> _RAW DATA_:
■ ■ ■ ■ ■

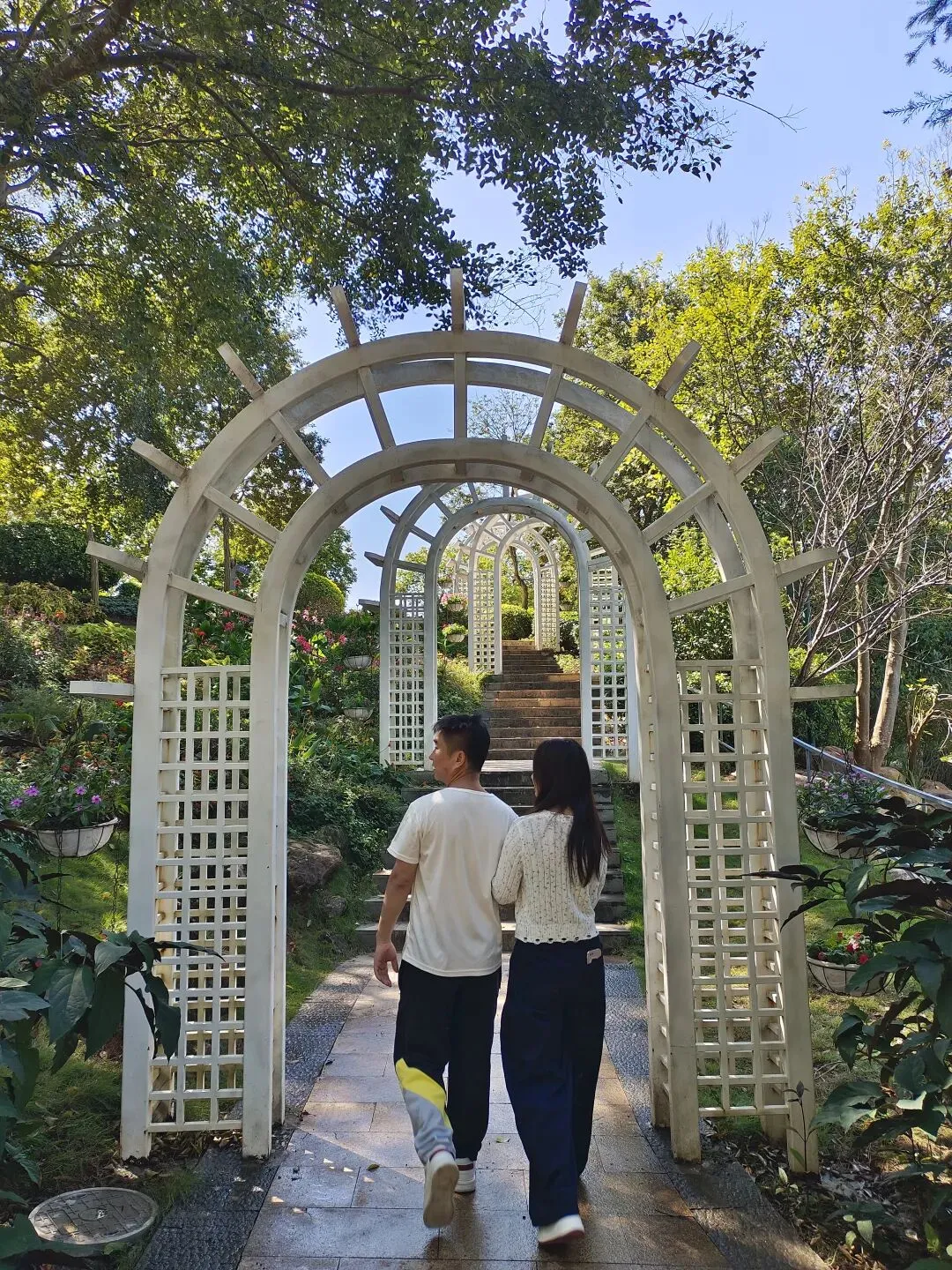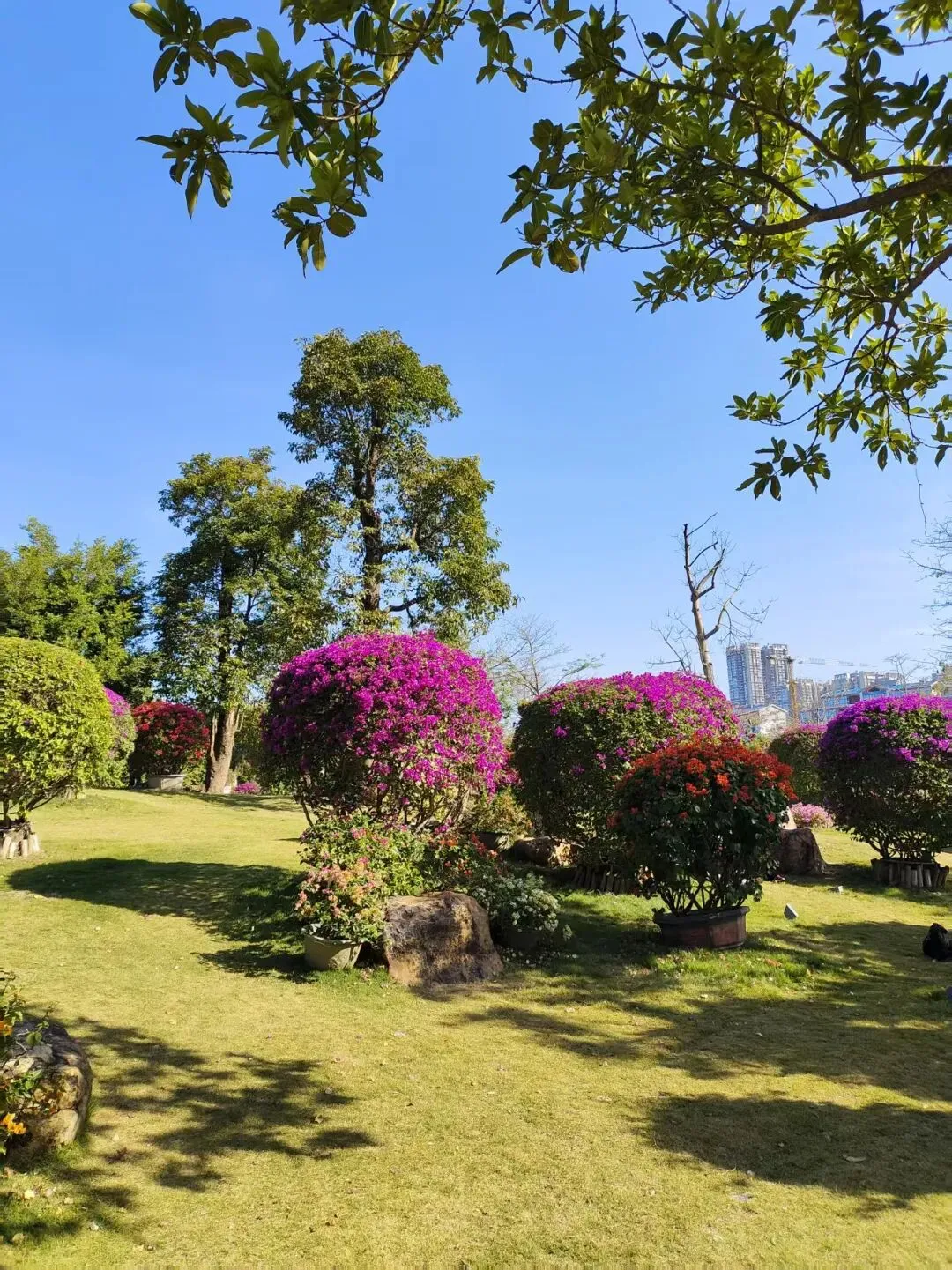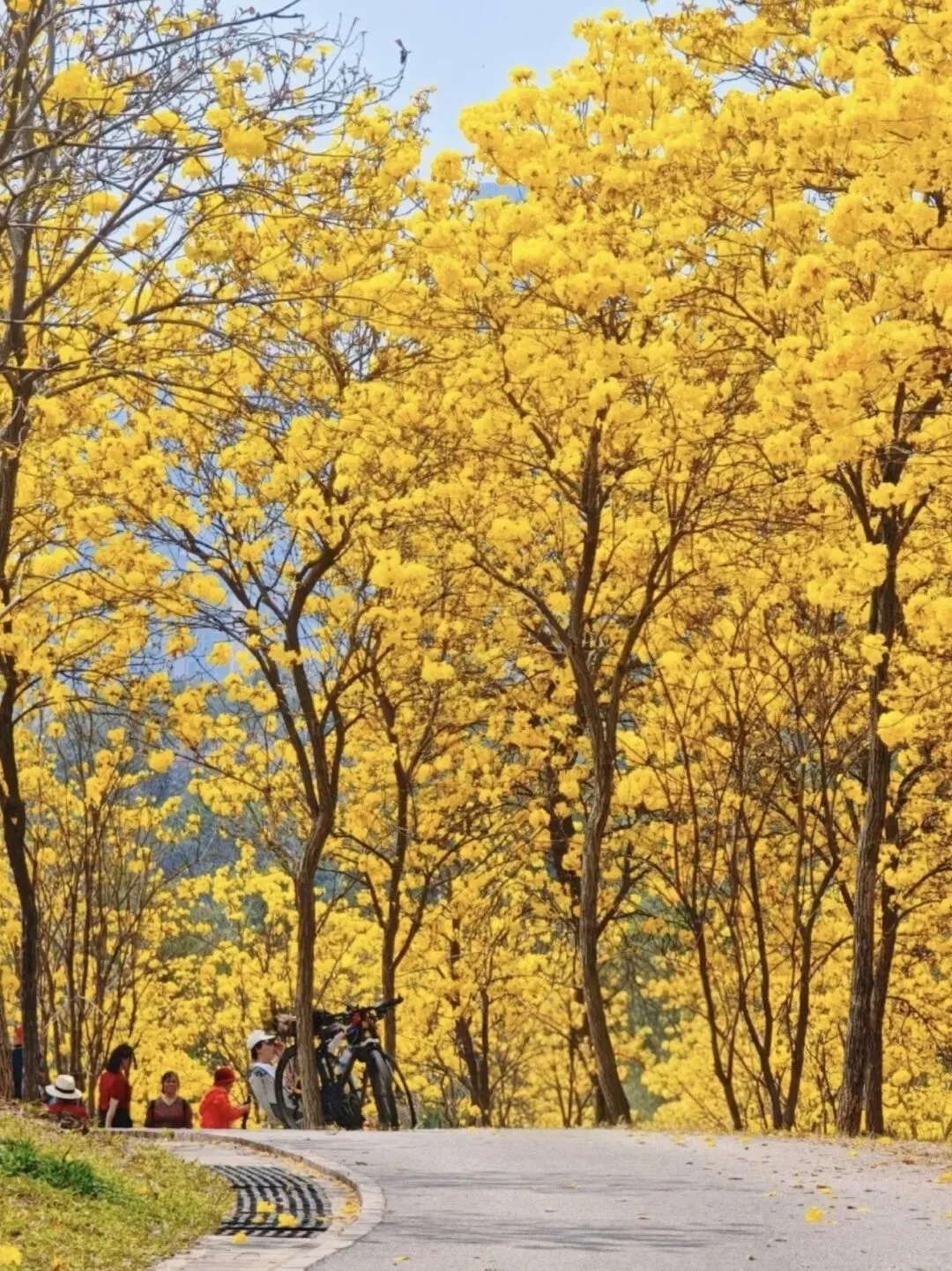 一日阳光正好,春和景明,骑着电车,直往青秀山东门而去。进得大门,沿途可见四季常艳之三角梅,嫣红似火,点缀于道旁,令人赏心悦目。若体力充沛者,可自东门信步而行,直抵黄花风铃谷;若欲求便捷,亦可乘园区小火车前往,东门至风铃谷约一点五公里。我喜徒步慢行,一路风光旖旎,景色宜人,令人目不暇接。
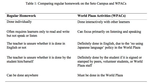 We would like to acknowledge that the ideas in this paper are not just our own, but belong to all of the Nanzan University Seto campus English program teachers, particularly Yoshikazu C. Watanabe, who originally conceived the World Plaza concept, and David Barker, the first World Plaza coordinator. We would also like to acknowledge Monkasho Gendai GP funding for this project.
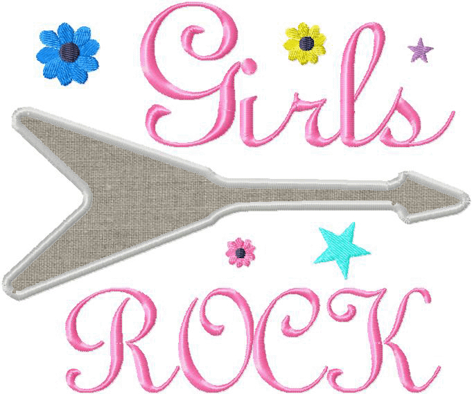 The Kids Rock Designs includes both Girls Rock and Both Rock, PDF color sheets, and sizes to fit 4X4 5X7 and 6X10 Hoops
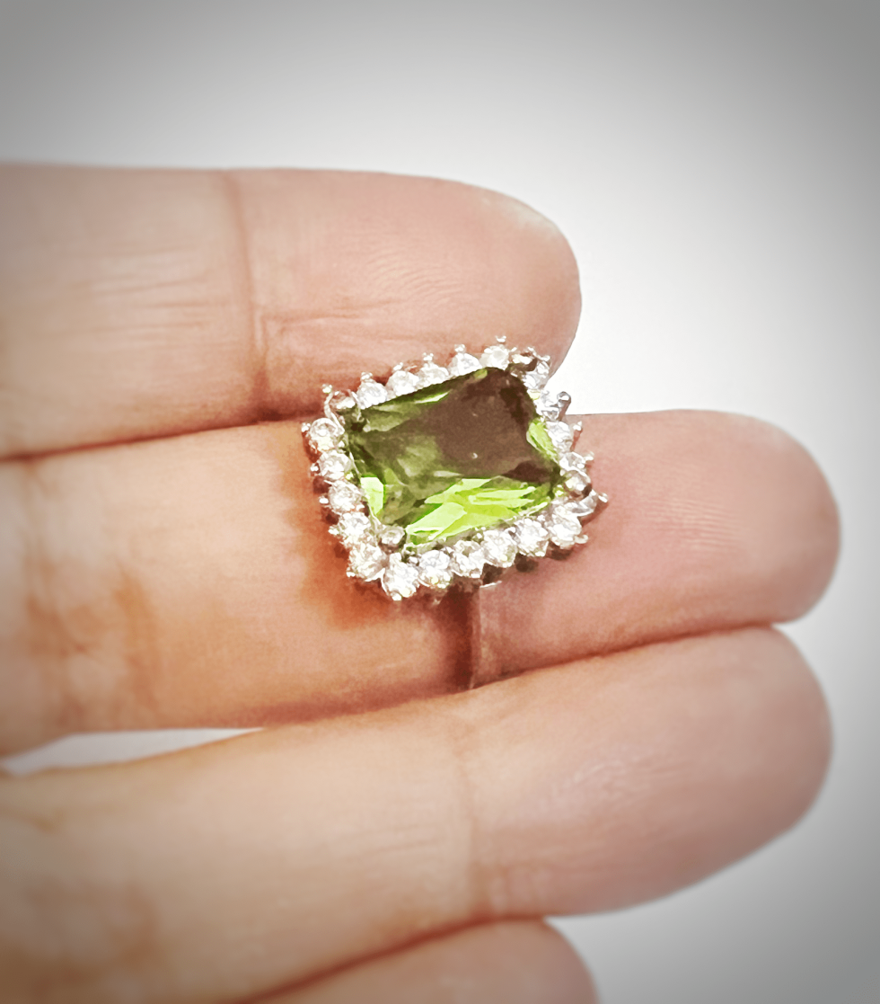 Precious stones used in the setting are Zultanite and Cubic Zircon. Zultanite is an extremely rare, transparent gemstone from the Diaspore mineral family, which can show the colours yellow, cognac, pink or red. It is a colour changing stone which changes its colour depending on the light it is in. Turkey is the only place where the gemstone can be found.

■ ■ ■ ■ ■

Produce an exact copy of every line above, with the images left out.

> _REPLY TO THE TASK_:
 一日阳光正好,春和景明,骑着电车,直往青秀山东门而去。进得大门,沿途可见四季常艳之三角梅,嫣红似火,点缀于道旁,令人赏心悦目。若体力充沛者,可自东门信步而行,直抵黄花风铃谷;若欲求便捷,亦可乘园区小火车前往,东门至风铃谷约一点五公里。我喜徒步慢行,一路风光旖旎,景色宜人,令人目不暇接。
 We would like to acknowledge that the ideas in this paper are not just our own, but belong to all of the Nanzan University Seto campus English program teachers, particularly Yoshikazu C. Watanabe, who originally conceived the World Plaza concept, and David Barker, the first World Plaza coordinator. We would also like to acknowledge Monkasho Gendai GP funding for this project.
 The Kids Rock Designs includes both Girls Rock and Both Rock, PDF color sheets, and sizes to fit 4X4 5X7 and 6X10 Hoops
 Precious stones used in the setting are Zultanite and Cubic Zircon. Zultanite is an extremely rare, transparent gemstone from the Diaspore mineral family, which can show the colours yellow, cognac, pink or red. It is a colour changing stone which changes its colour depending on the light it is in. Turkey is the only place where the gemstone can be found.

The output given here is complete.